= Can I Play That? =

American video game journalism website

Can I Play That? is an American video game journalism website founded in 2018. A self-billed ‘game accessibility resource for both players and developers’, Can I Play That? specializes in providing accessibility reviews, features and news coverage on accessibility in games and the wider games industry. Can I Play That? also advocates for diversity and inclusion in games, and educates developers and studios about accessibility.

In addition to editorial pieces, Can I Play That? provides accessibility guidelines, and runs workshops on Diversity, Equity and Inclusion in Games and Accessible Community Management.

== History ==
Can I Play That? was founded in November 2018 by Coty Craven. The website was created to cater to the wider spectrum of gamers’ experiences and tackle inaccessibility in video games. The first game to receive a perfect score for accessibility from Can I Play That? was Gears 5, by The Coalition.

In January 2021, Can I Play That? announced two new collaborations as part of an initiative called Learn with CIPT: an Accessible Community Management workshop co-hosted by Coty Craven and Stacey Jenkins, and a Diversity, Equity and Inclusion in Games workshop, co-hosted by Coty Craven and Yi Shun Lai. Workshops have been delivered at studios such as Ubisoft and Splash Damage, and on July 19, 2021, Craven co-hosted an Accessible Community Management summit with Stacey Jenkins at the Game Developers Conference 2021.

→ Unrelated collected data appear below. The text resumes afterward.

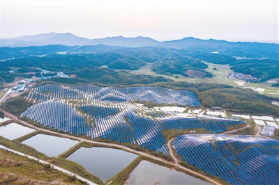 圖為航拍的林光互補(bǔ)光伏項(xiàng)目全貌。視覺中國供圖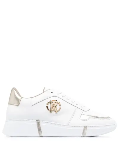 white leather gold-tone logo plaque logo-print tongue front lace-up fastening flat rubber sole round toe
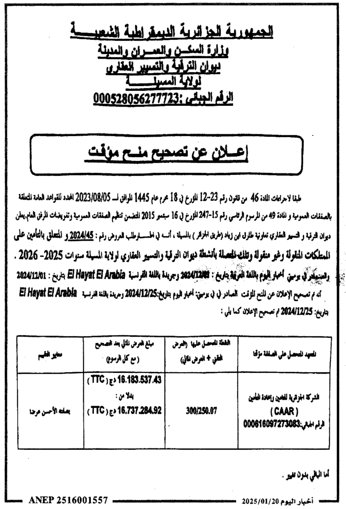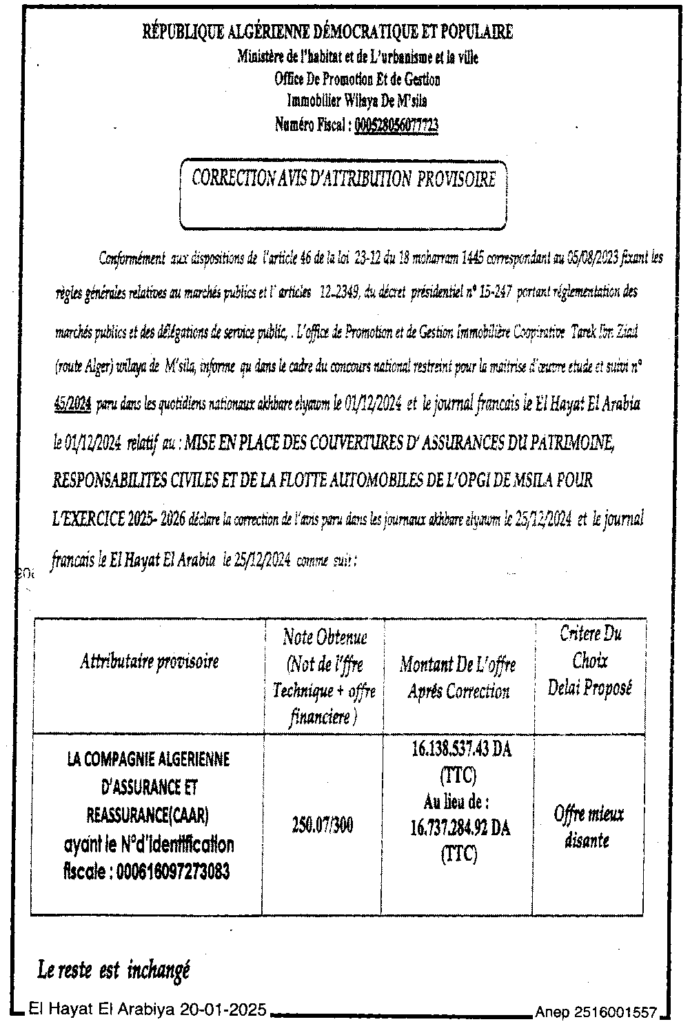 إعلان عن تصحيح منح مؤقت التأمين على الممتلكات المنقولة وغير منقولة تلك المتصلة بأنشطة ديوان الترقية والتسيير العقاري لولاية المسيلة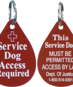 The Engraved Service Dog Access Tag is made with an hard acrylic material that will withstand any weather element. Engraved on each side. Made in USA.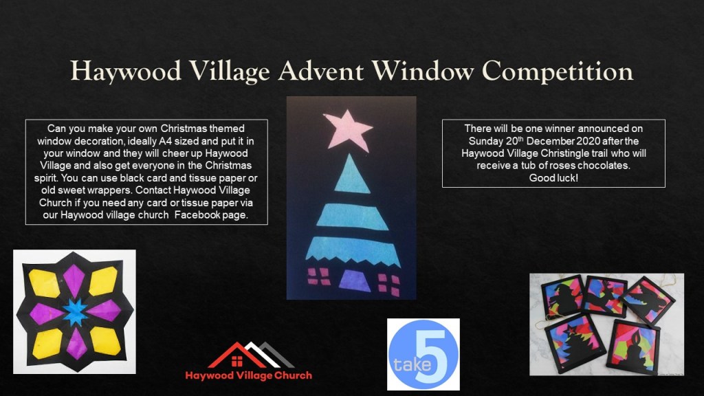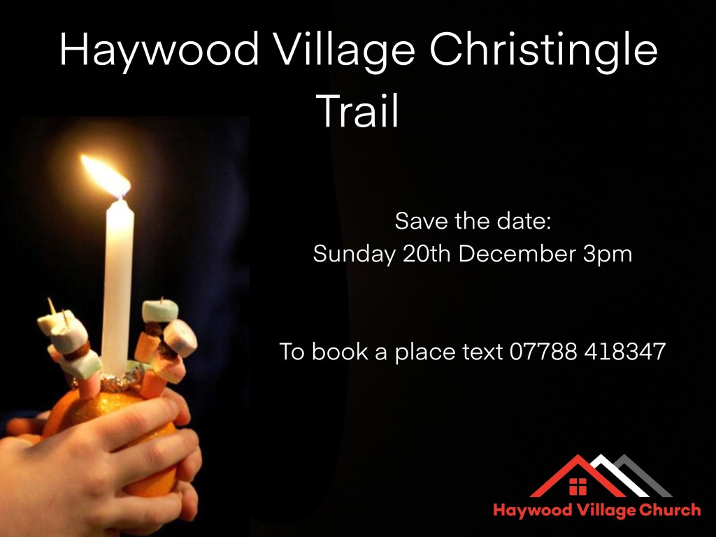 This Tea and Toast Church event is for everyone.There will be a nativity and local Haywood Village Children are encouraged to join in. Please come dressed as your favourite nativity character and we will call you on stage.Adults are invited to join in the optional bad taste Christmas jumper competition! Prize for the winner.Come and make your own Christingle and join in with the carols by candlelight to get in the Christmas mood. Mince pies and coffee served afterwards.

In August 2024, former editor Grant Stoner published an exposé on gaming website IGN, concluding that one of the site's credited founders, Susan Banks, was a false persona used by the site's other founder, Coty Craven. In the time since Banks's supposed death, Craven used two additional fake identities to pose as disability advocates of color. Craven deleted their entire social media presence just before the article was released. Shortly thereafter, the Can I Play That? website completely removed mention of both Craven and Banks as the site's founders from its "About" page.

== Staff ==

- Coty Craven – Founder and Director of Operations and Business Development (formerly Editor-in-Chief)
- Ben Bayliss – Editor-in-Chief
- Marijn (ActiveB1t) – Site Operations Manager
- Steve Saylor – Media Editor
- Grant Stoner – Editor (September 2019 – January 2021)

== Contributors ==
Can I Play That? accepts submissions from disabled gamers such as personal essays, commentary and features. In addition to the core staff members, regular contributors have included Stacey Jenkins, Antonio Martinez, Christy Smith Berman and Grant Stoner. Unlike other games journalism websites, Can I Play That? focuses specifically on accessibility in games, rather than content reviews. The site is run by and contributed to by disabled gamers, with contributors only reviewing the features they use themselves rather than speaking for other disabled gamers.

== Recognition ==

- Can I Play That? was awarded the 2020 Global Games Advocacy Award at the Women In Games Global Games Awards.
- In September 2019, Coty Craven appeared on NPR's 1A podcast, together with Games Accessibility Specialist / Developer, Cherry Thompson.
- USA Today referenced the work of Grant Stoner, a mobility writer for Can I Play That?, in an article about accessibility in The Last of Us: Part II. The BBC and CNN interviewed Coty Craven and Steve Saylor about accessibility options in the game.
- Resources by Can I Play That? have been highlighted by prominent game companies such as Microsoft.
- Can I Play That? contributor Grant Stoner was a member of the voting jury for the Game Awards 2020.